When new code with soft delete is in production, the old unique index needs to be deleted. Otherwise, it will not allow you to add new records similar to those deleted using soft delete. On the other hand, you cannot delete the old unique index while the old code is running.

We came up with an idea: together with the new partial index, create a temporary search index – similar to the old one, but without the uniqueness constraint.

1. Add a column to a table deleted_at With default NULL — migration deployment.

2. Create a new unique partial index by hand, set aside 5 hours for this.

3. Create a temporary index identical to the old one, but without the uniqueness constraint. We also do it by hand, setting it for 5 hours.

4. Delete the old unique index.

5. Enable soft delete in the code: install the Doctrine extension, enable soft delete in the configs, fix the new database structure through migrations.

6. Delete a temporary non-unique index.

In this case, at any time during the release, search queries will work quickly, and we will not have problems with inserting new records.

Disadvantages of this option:

• Release time is doubled due to the creation of an additional temporary non-unique index.

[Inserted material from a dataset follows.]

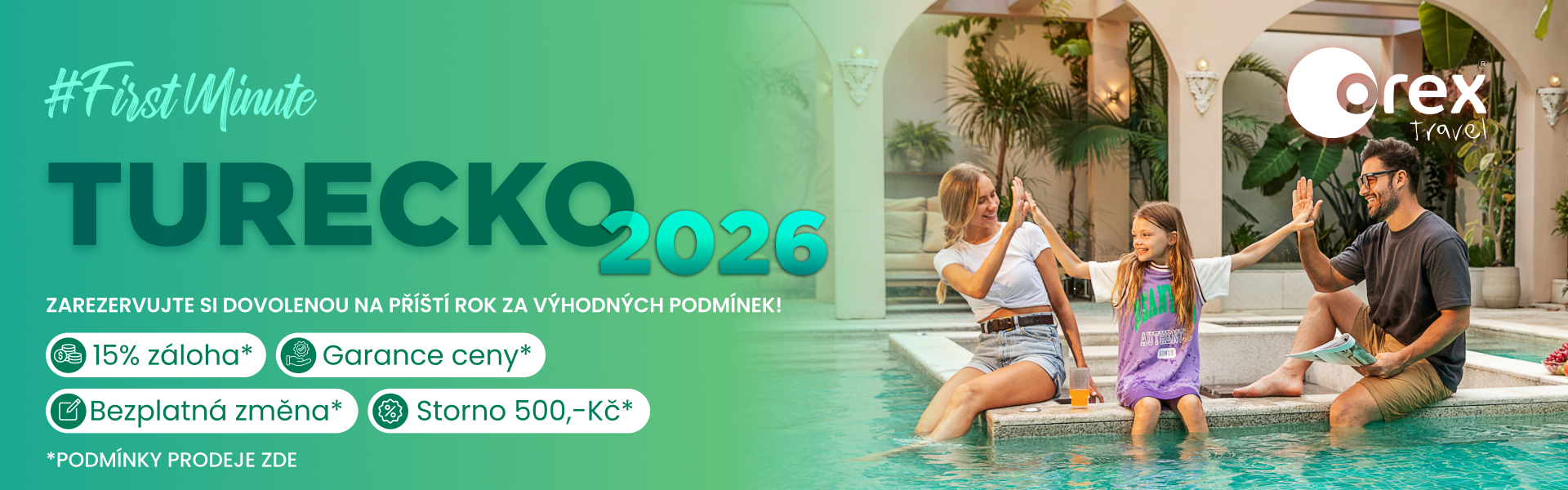 Pro zakoupené First Minute zájezdy v období 1.2.2026 – 31.3.2026 platí záloha 15% + pojištění, pokud je součástí zájezdu.

• Temporarily doubles the size of the database storage.

Results

It’s bad that such a case happened. It's good that we identified the reasons, fixed everything and were able to share the results. This will help prevent similar incidents not only in Skyeng, but, I hope, in everyone who read the article to the end!

By the way, my colleagues reacted with understanding to what happened. After all, almost every developer has a similar story in stock. Ask a friend a friend during a break!

And, of course, don’t blame yourself for mistakes. As the sages say:

Thank you for your attention. I look forward to your questions in the comments, have a nice day!